OpenTS-Leaderboards
Leaderboard for multivariate time series forecasting
Rules:
For multivariate forecasting algorithms, we consider 25 datasets and 2 error metrics, i.e., MAE and MSE. For each dataset, we consider 4 forecasting horizons. This gives 200 (25 * 4 * 2) unique evaluation settings (click here for details), click here to see the detailed results, click here to download detailed evaluation results for each of the 25 multivariate time series.
For each forecasting algorithm, we count the number of times that the algorithm receives the gold, silver, and bronze medals, i.e., having the lowest, 2nd lowest, and 3rd lowest errors, shown as 🥇, 🥈, and 🥉, respectively.
We provide three different types of scores for ranking the forecasting algorithms. First, the scores equal to the numbers of gold medals. Second, the scores are the sum of the numbers of gold, silver, and bronze medals. Third, the scores are the weighted sum of the gold, silver, and bronze medals, where the weights can be customized. The larger the score, the higher the ranking.

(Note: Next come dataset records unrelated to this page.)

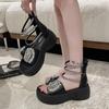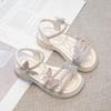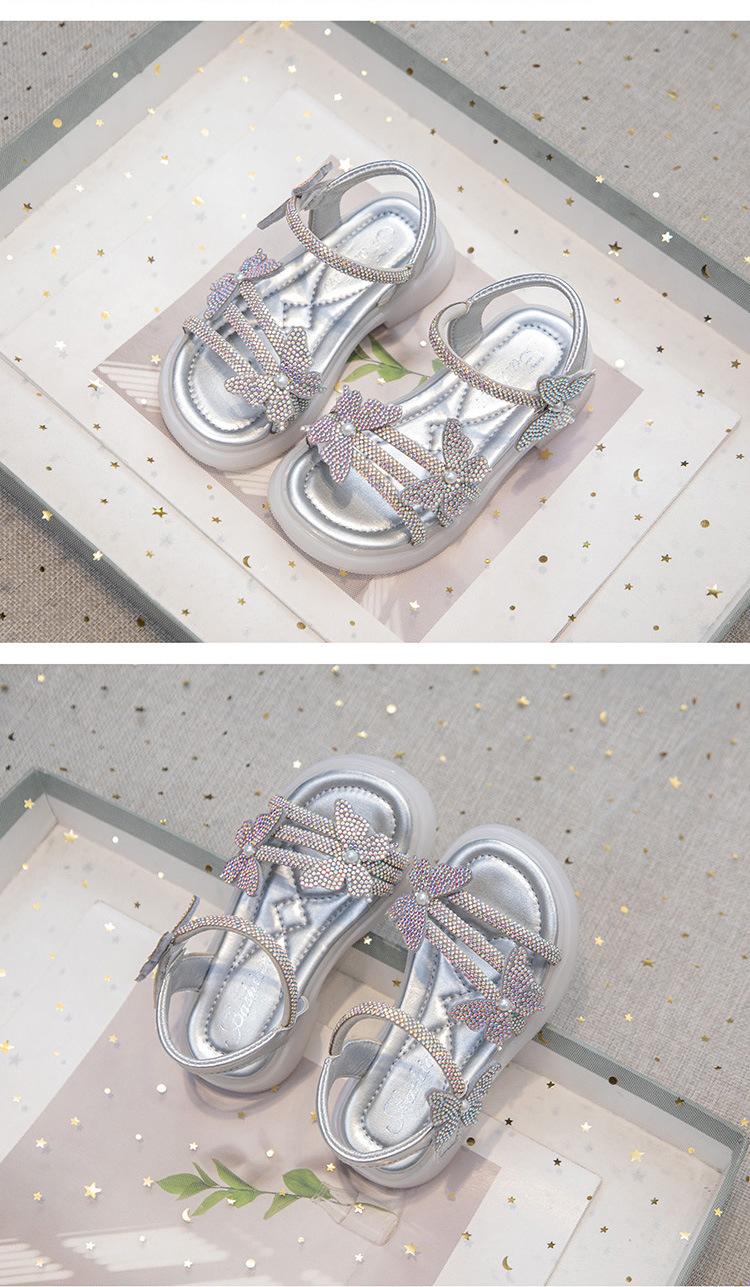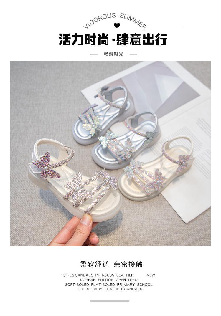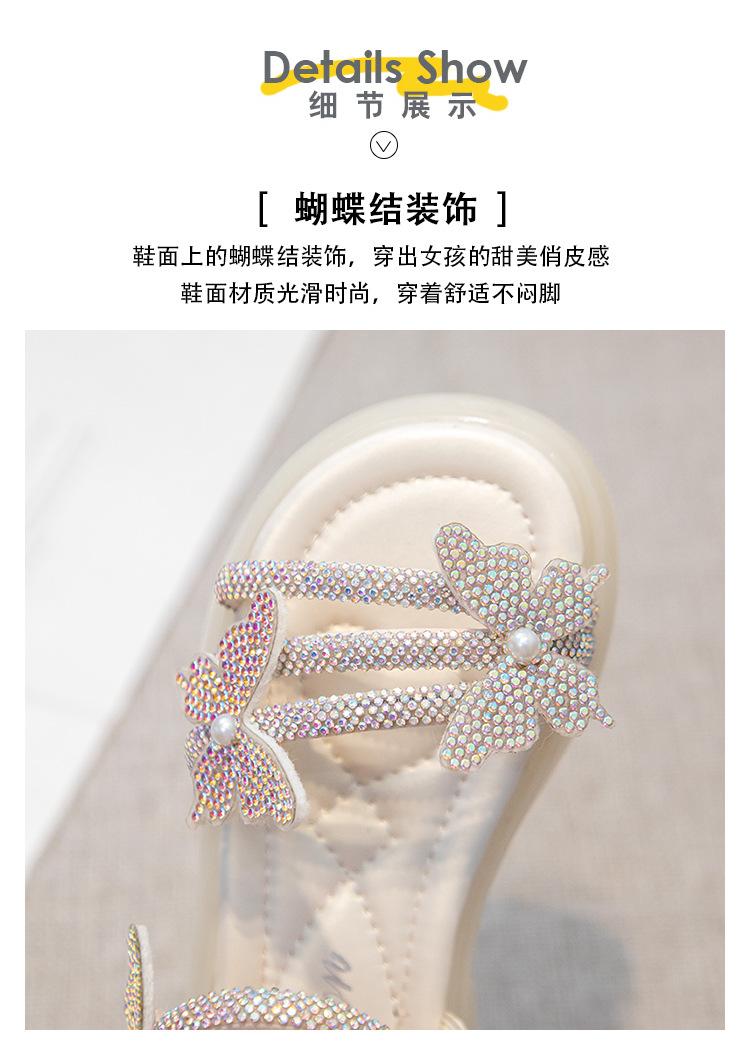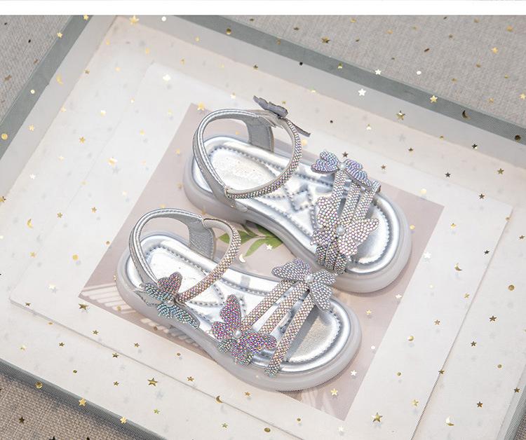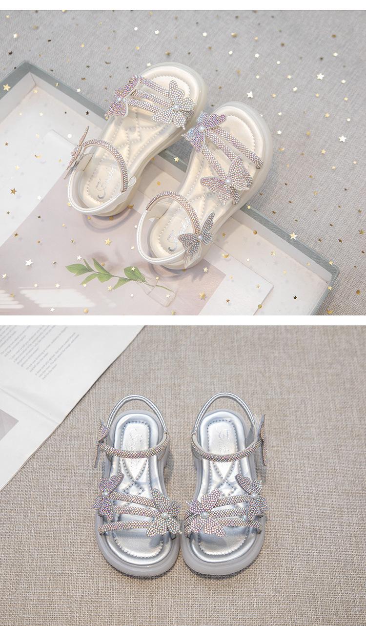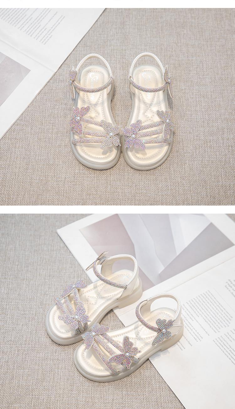 Zapatillas de punta abierta con mariposa de pedrería plana de talla grande para mujer 2025 Moda europea y americana Sandalias de uso bidireccional Sandalias para niños
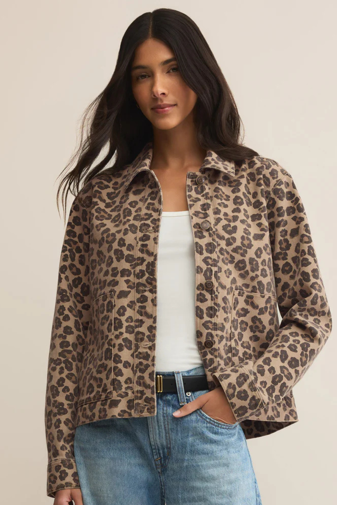 Bel Air Leopard Denim Jacket in Desert Tan by Z Supply
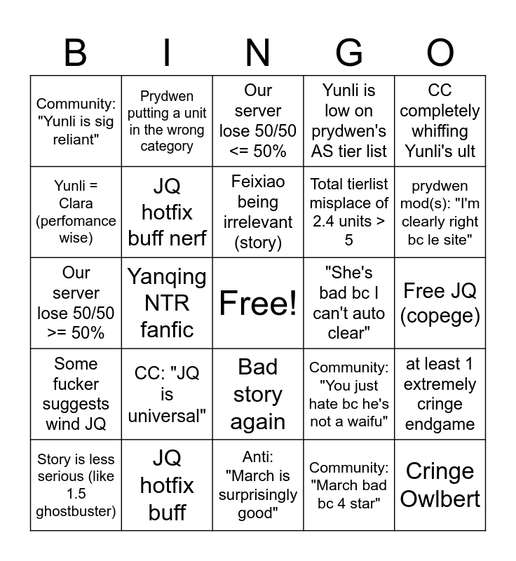 This bingo card has a free space and 24 words: CC: "JQ is universal", JQ hotfix buff, Feixiao being irrelevant (story), Story is less serious (like 1.5 ghostbuster), CC completely whiffing Yunli's ult, Community: "Yunli is sig reliant", Yunli = Clara (perfomance wise), Prydwen putting a unit in the wrong category, "She's bad bc I can't auto clear", Bad story again, Total tierlist misplace of 2.4 units > 5, Our server lose 50/50 >= 50%, Community: "You just hate bc he's not a waifu", at least 1 extremely cringe endgame, JQ hotfix buff nerf, Community: "March bad bc 4 star", Free JQ (copege), Our server lose 50/50 <= 50%, prydwen mod(s): "I'm clearly right bc le site", Yanqing NTR fanfic, Cringe Owlbert, Some fucker suggests wind JQ, Yunli is low on prydwen's AS tier list and Anti: "March is surprisingly good".

Profile1 refers to a subset of ten datasets commonly used in recent literature, including Electricity, ETTm1, ETTm2, ETTh1, ETTh2, Traffic, Solar, Weather, ILI, and Exchange.
We consider four forecasting horizon F: {24, 36, 48, and 60} for FredMd, NASDAQ, NYSE, NN5, ILI, Covid-19, and Wike2000, and we use another four forecasting horizon, {96, 192, 336, and 720,} for all other datasets which have longer lengths. The look-back window H underwent testing with lengths {36 and 104} for FredMd, NASDAQ, NYSE, NN5, ILI, Covid-19, and Wike2000, and {96, 336, and 512} for all other datasets. For each method, we adhere to the hyper-parameter as specified in their original papers. Additionally, we perform hyper-parameter searches across multiple sets, with a limit of 16 sets. The optimal result is then selected from these evaluations, contributing to a comprehensive and unbiased assessment of each method’s performance. Please note that we have retested the results of the algorithms, which may differ from those in the TFB paper.